Exercise objective: Print word for word whatever lies between the first line of the material and the line holding "Когда шаг стропильной", both included, and omit all pictures.

==============================

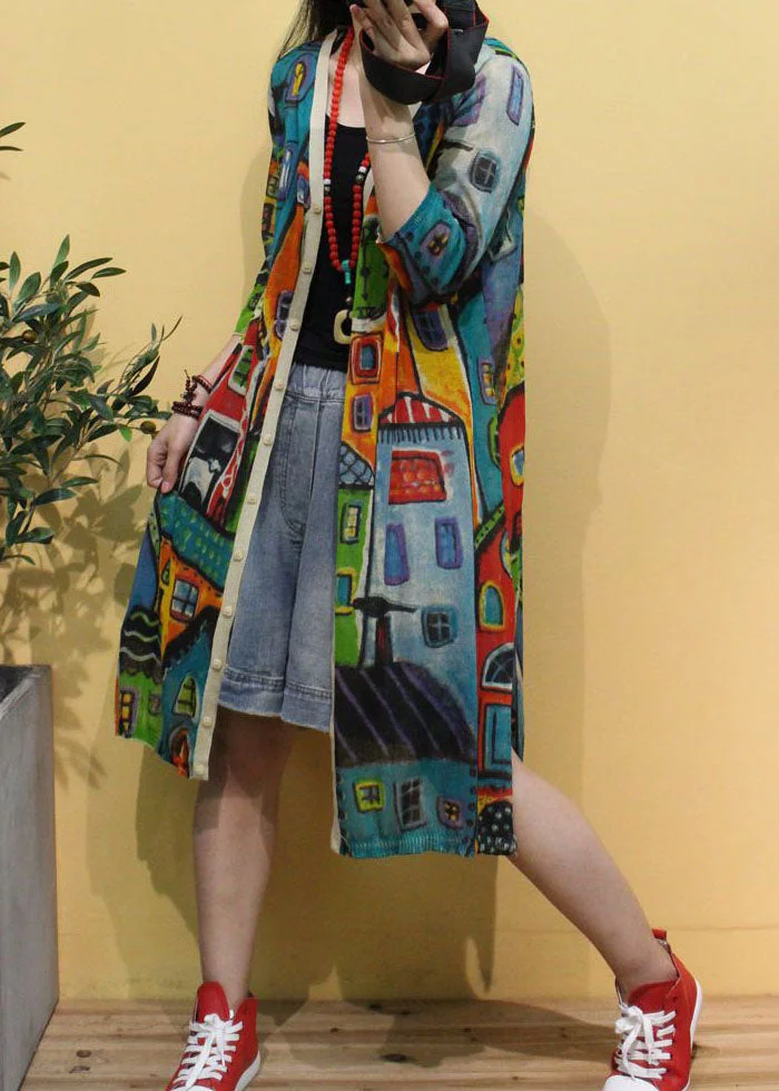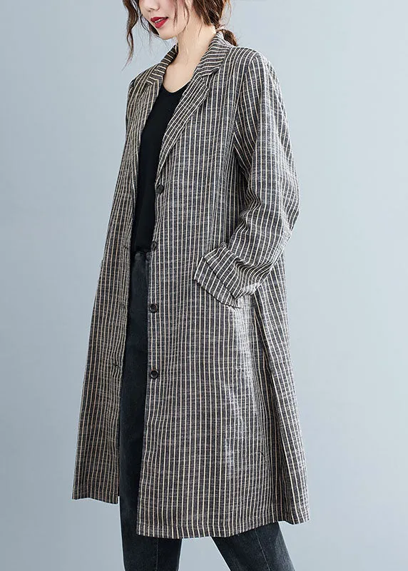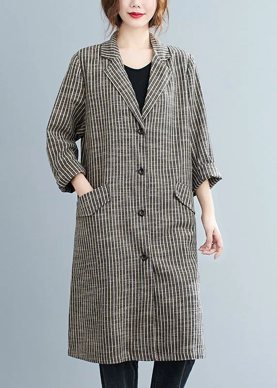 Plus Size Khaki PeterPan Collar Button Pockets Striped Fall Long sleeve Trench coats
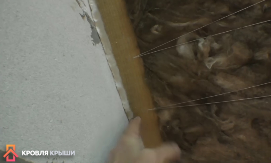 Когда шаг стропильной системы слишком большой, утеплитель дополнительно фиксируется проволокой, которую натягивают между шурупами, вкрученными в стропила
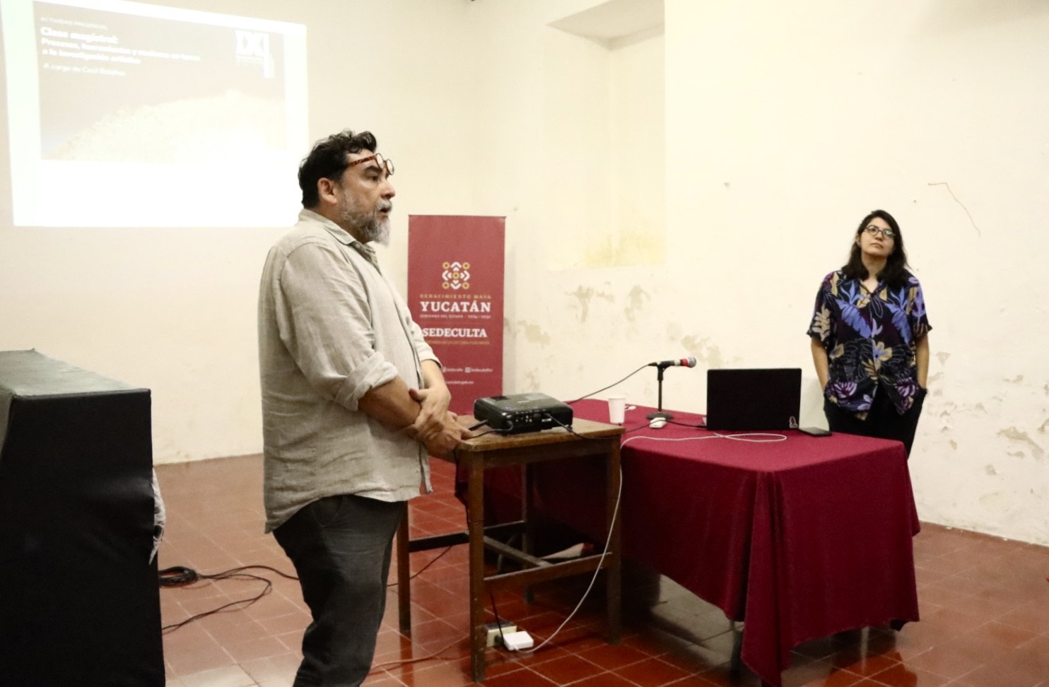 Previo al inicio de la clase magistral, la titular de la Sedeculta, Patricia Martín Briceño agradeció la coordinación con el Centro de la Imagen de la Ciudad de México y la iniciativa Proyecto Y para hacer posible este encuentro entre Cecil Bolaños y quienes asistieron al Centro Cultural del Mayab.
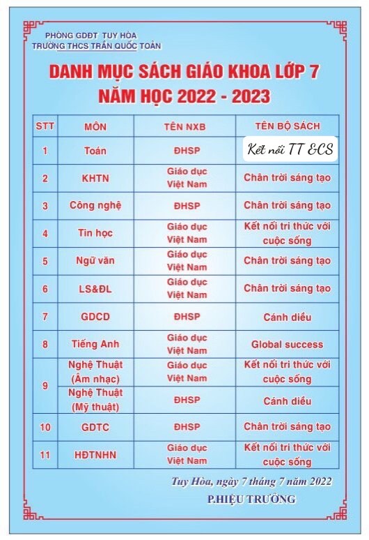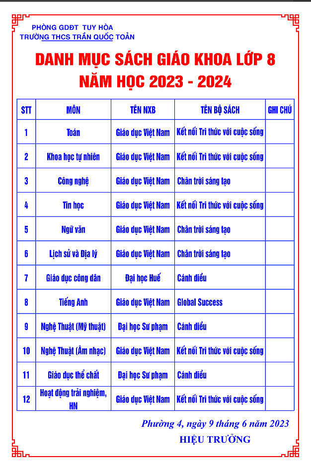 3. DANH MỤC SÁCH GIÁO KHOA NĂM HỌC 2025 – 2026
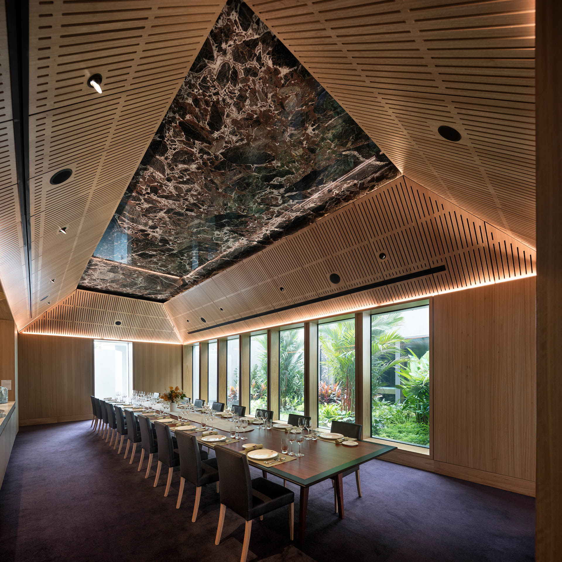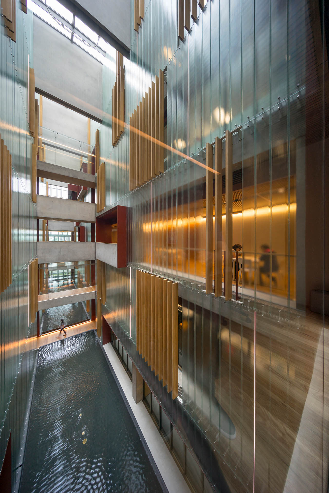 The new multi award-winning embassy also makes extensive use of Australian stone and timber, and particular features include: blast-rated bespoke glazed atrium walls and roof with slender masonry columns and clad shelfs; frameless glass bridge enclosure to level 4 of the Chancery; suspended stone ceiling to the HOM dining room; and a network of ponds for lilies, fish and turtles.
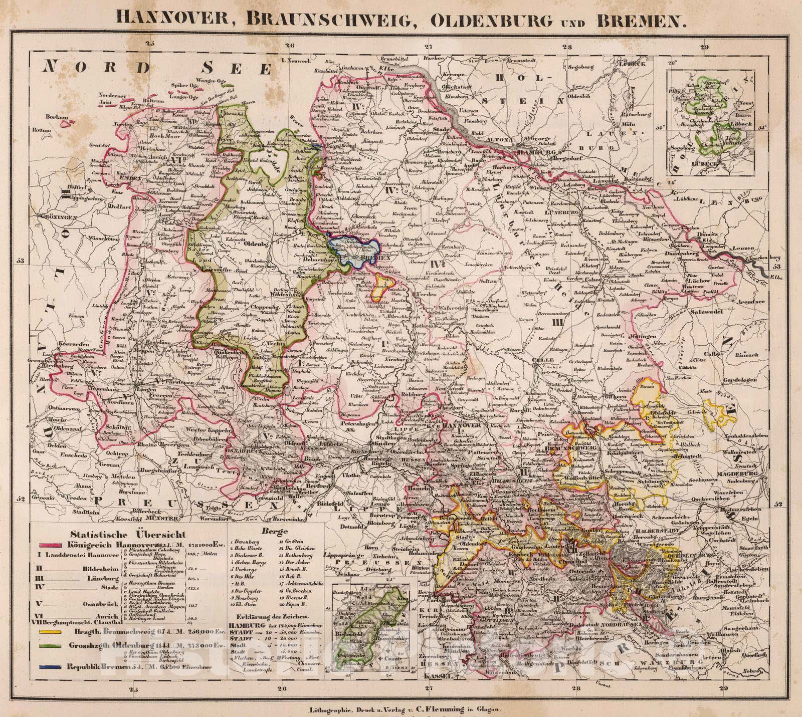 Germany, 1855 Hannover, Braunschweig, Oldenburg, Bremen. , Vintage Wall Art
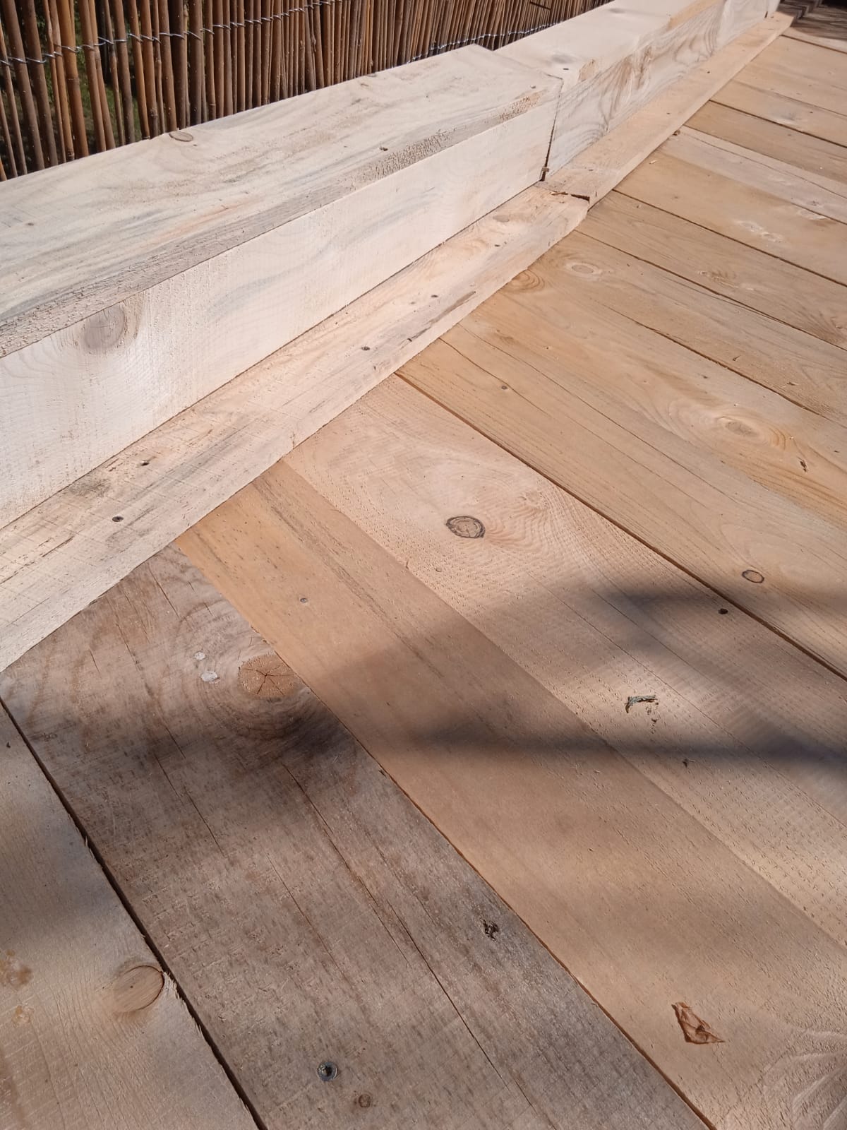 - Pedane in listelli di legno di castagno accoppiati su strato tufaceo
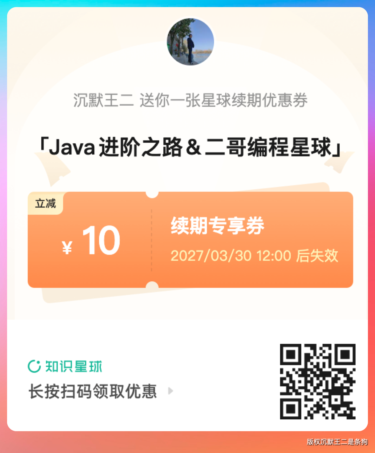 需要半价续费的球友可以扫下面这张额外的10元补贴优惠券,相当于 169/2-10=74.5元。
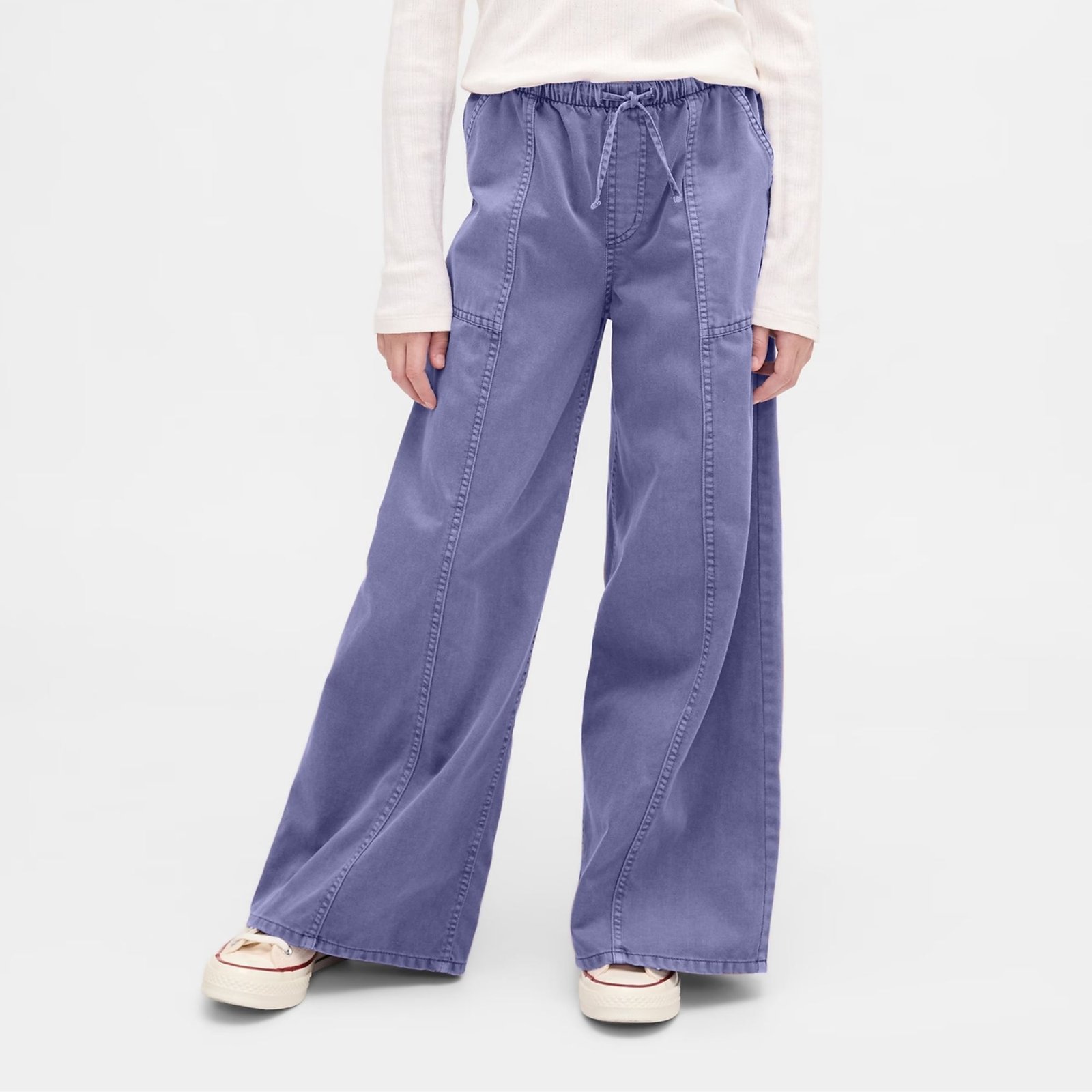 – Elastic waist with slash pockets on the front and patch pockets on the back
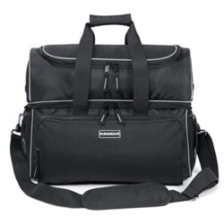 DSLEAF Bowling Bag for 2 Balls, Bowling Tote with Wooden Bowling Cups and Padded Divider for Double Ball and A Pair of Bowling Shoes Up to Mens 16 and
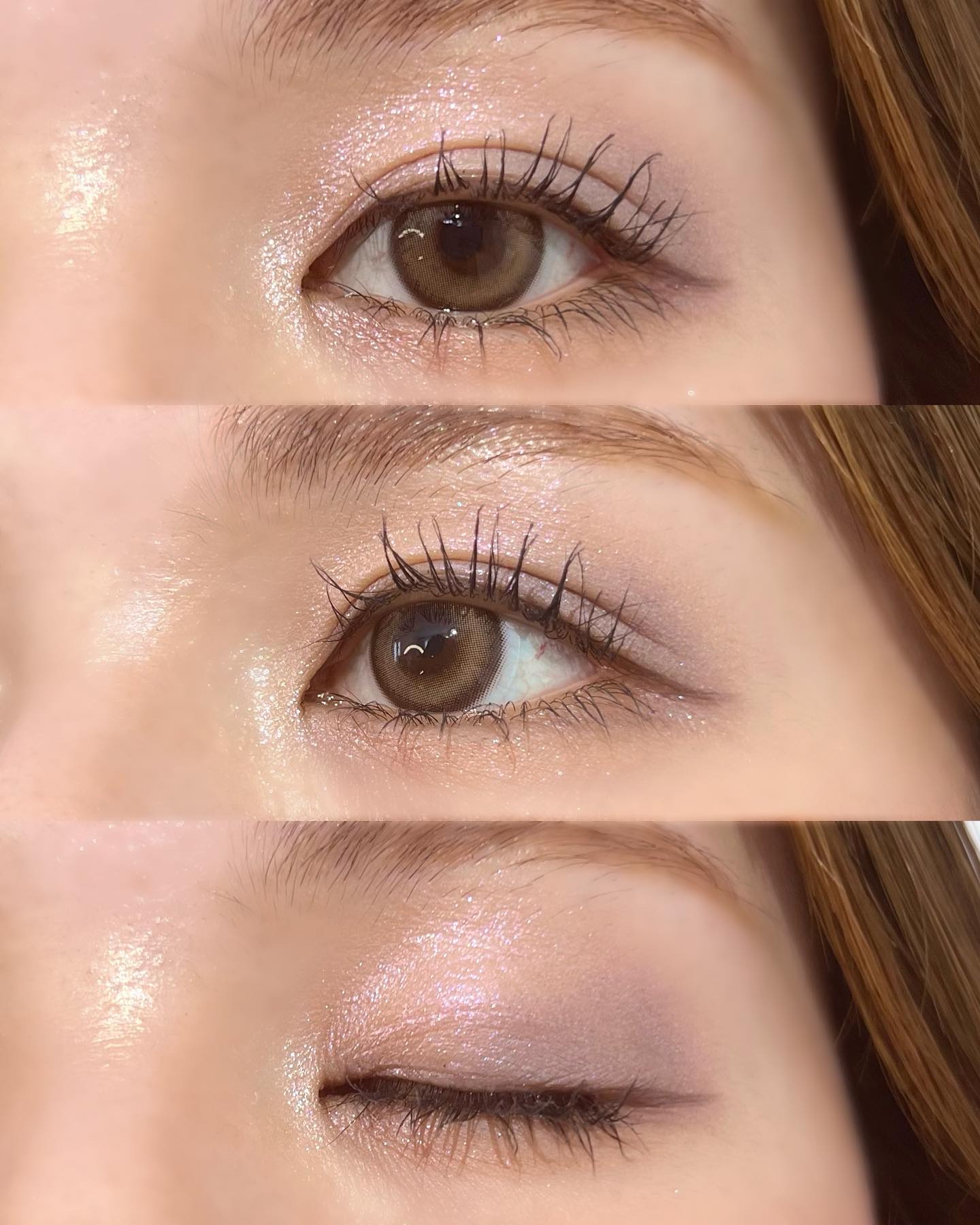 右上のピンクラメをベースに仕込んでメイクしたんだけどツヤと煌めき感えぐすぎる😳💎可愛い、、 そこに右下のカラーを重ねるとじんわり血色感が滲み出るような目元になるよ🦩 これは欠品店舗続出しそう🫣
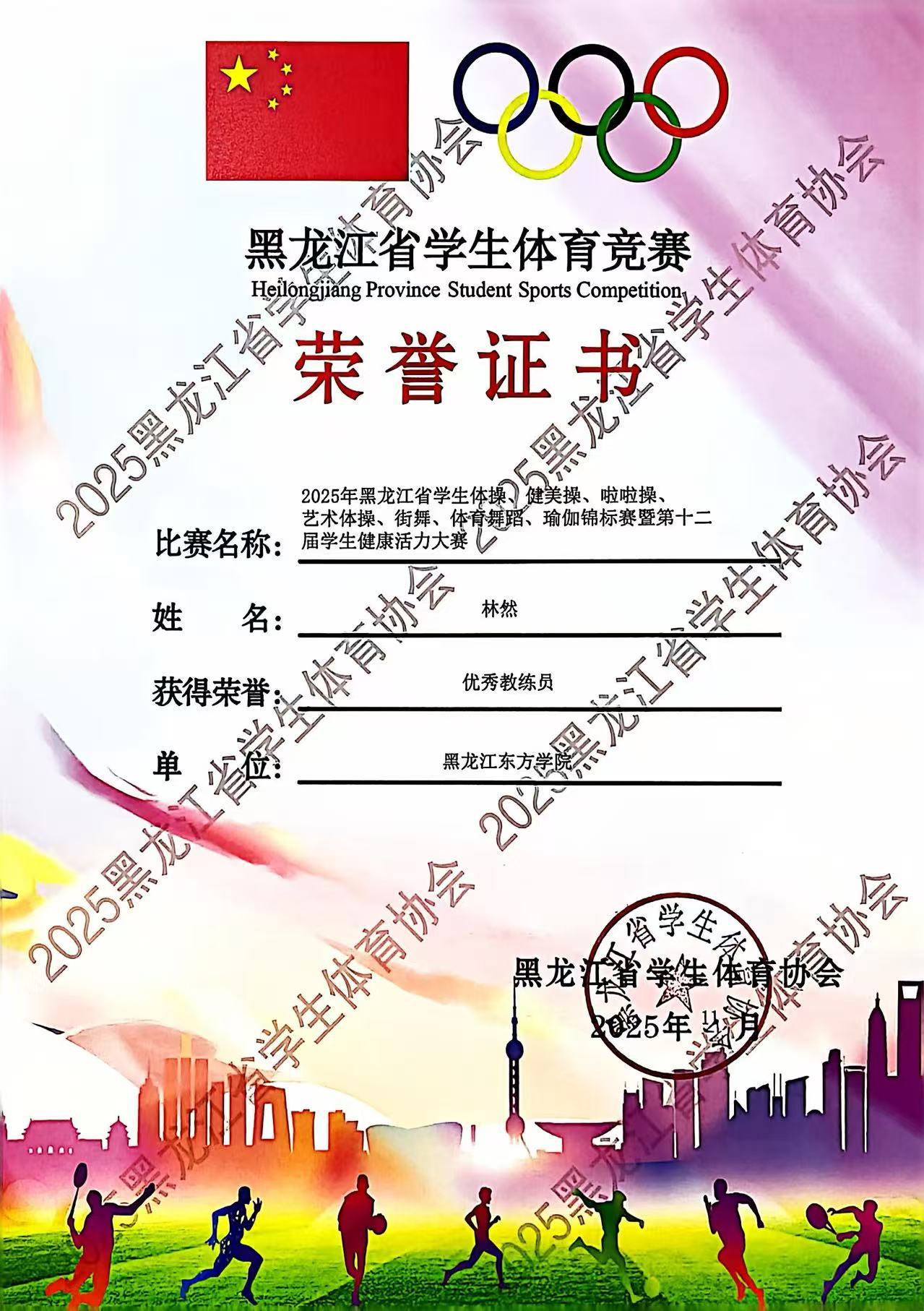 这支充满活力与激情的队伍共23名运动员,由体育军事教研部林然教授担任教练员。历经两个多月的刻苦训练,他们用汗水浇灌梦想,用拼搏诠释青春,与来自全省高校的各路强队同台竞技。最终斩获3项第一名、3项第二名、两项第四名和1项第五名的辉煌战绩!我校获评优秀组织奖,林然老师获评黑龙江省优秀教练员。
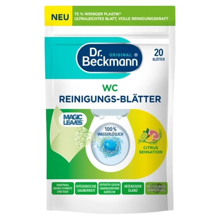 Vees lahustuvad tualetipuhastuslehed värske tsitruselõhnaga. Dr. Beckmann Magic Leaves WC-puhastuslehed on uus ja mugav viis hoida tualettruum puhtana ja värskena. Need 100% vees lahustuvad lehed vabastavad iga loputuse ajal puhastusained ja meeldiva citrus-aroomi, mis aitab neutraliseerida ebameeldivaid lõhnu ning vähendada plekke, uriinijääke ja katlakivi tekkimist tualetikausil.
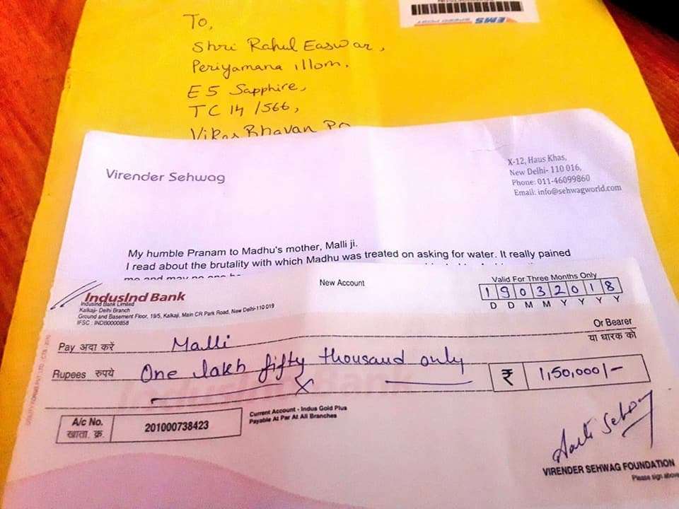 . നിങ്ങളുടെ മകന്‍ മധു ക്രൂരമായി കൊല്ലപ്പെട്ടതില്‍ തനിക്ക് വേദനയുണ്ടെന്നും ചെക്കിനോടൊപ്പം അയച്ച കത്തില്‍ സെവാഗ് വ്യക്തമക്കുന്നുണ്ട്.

==============================

Exercise output:
 Plus Size Khaki PeterPan Collar Button Pockets Striped Fall Long sleeve Trench coats
 Когда шаг стропильной системы слишком большой, утеплитель дополнительно фиксируется проволокой, которую натягивают между шурупами, вкрученными в стропила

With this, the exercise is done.